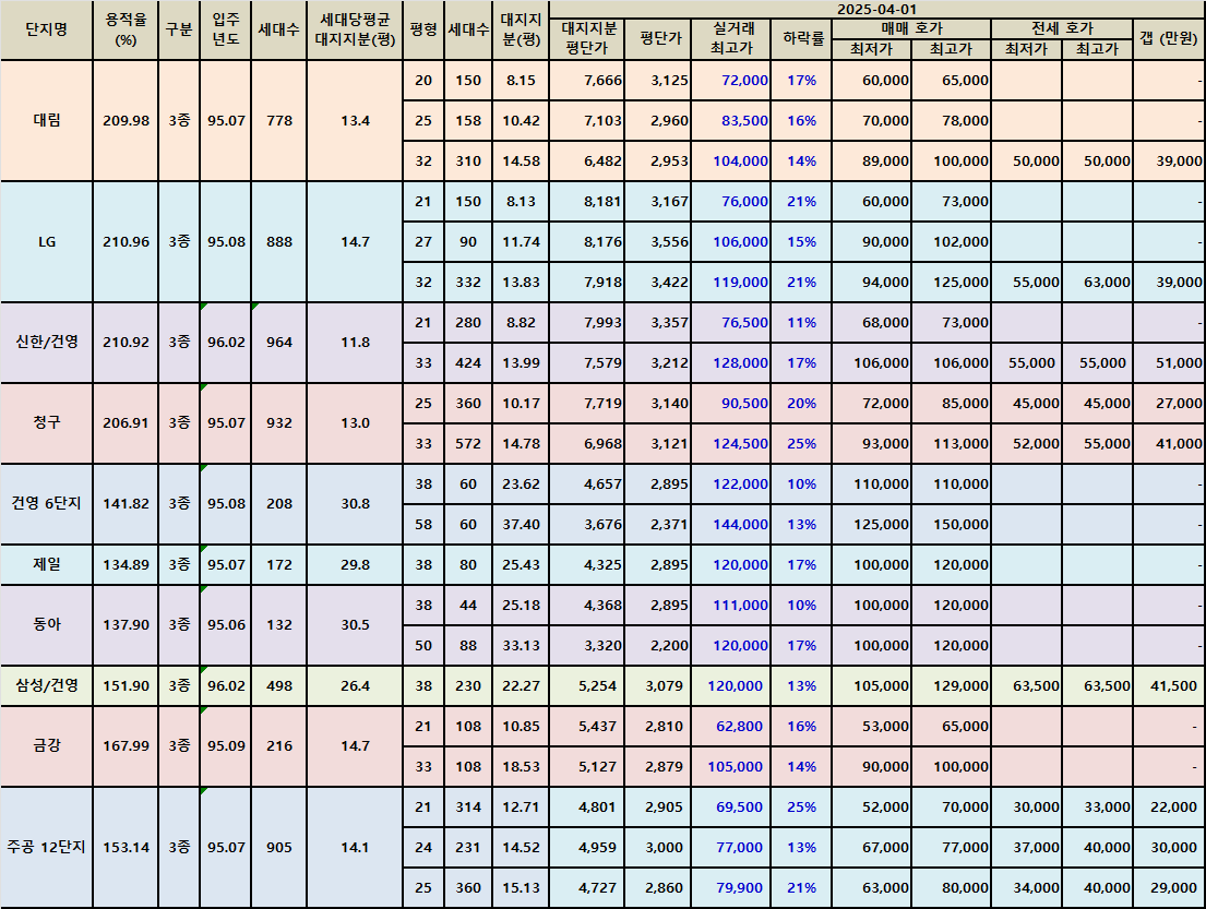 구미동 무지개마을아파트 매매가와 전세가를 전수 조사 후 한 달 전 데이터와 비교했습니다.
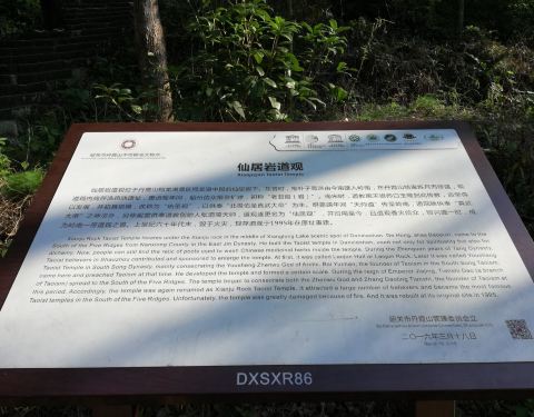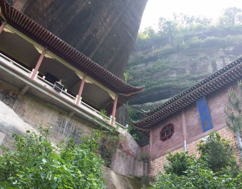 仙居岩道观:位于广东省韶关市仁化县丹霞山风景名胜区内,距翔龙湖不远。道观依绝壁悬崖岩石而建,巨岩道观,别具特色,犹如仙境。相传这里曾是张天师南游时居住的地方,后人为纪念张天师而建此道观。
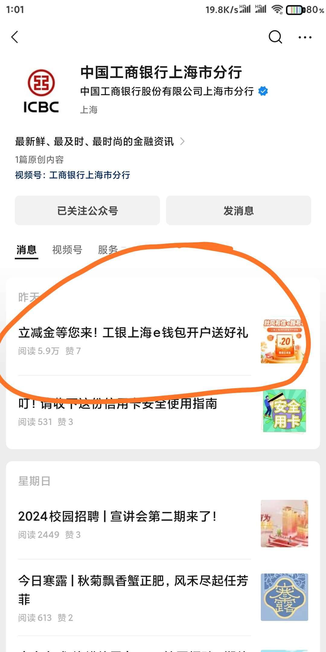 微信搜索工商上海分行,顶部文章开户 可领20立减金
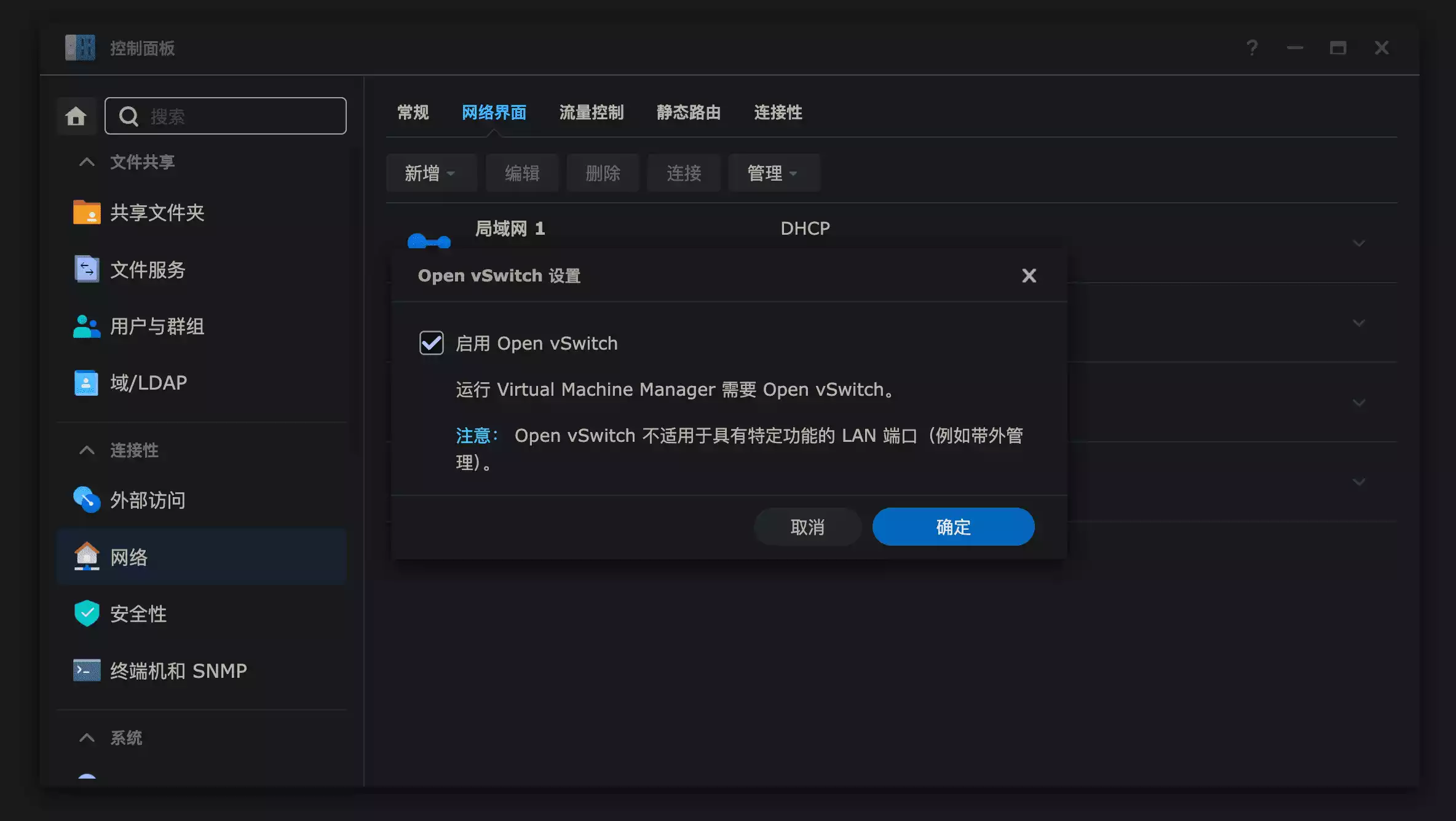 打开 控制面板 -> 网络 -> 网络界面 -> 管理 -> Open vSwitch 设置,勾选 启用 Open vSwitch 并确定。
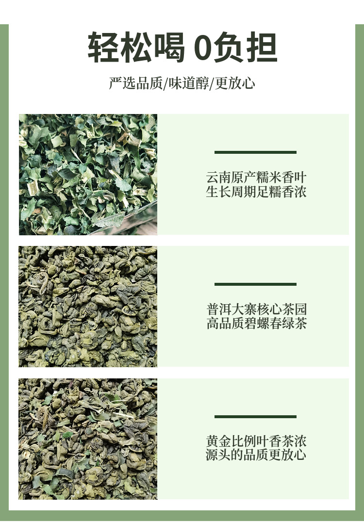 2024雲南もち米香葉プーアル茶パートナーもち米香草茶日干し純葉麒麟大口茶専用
+++
Directions: The answer is the entries above, given again exactly, with no pictures among them.

Output for this exercise:
 구미동 무지개마을아파트 매매가와 전세가를 전수 조사 후 한 달 전 데이터와 비교했습니다.
 仙居岩道观:位于广东省韶关市仁化县丹霞山风景名胜区内,距翔龙湖不远。道观依绝壁悬崖岩石而建,巨岩道观,别具特色,犹如仙境。相传这里曾是张天师南游时居住的地方,后人为纪念张天师而建此道观。
 微信搜索工商上海分行,顶部文章开户 可领20立减金
 打开 控制面板 -> 网络 -> 网络界面 -> 管理 -> Open vSwitch 设置,勾选 启用 Open vSwitch 并确定。
 2024雲南もち米香葉プーアル茶パートナーもち米香草茶日干し純葉麒麟大口茶専用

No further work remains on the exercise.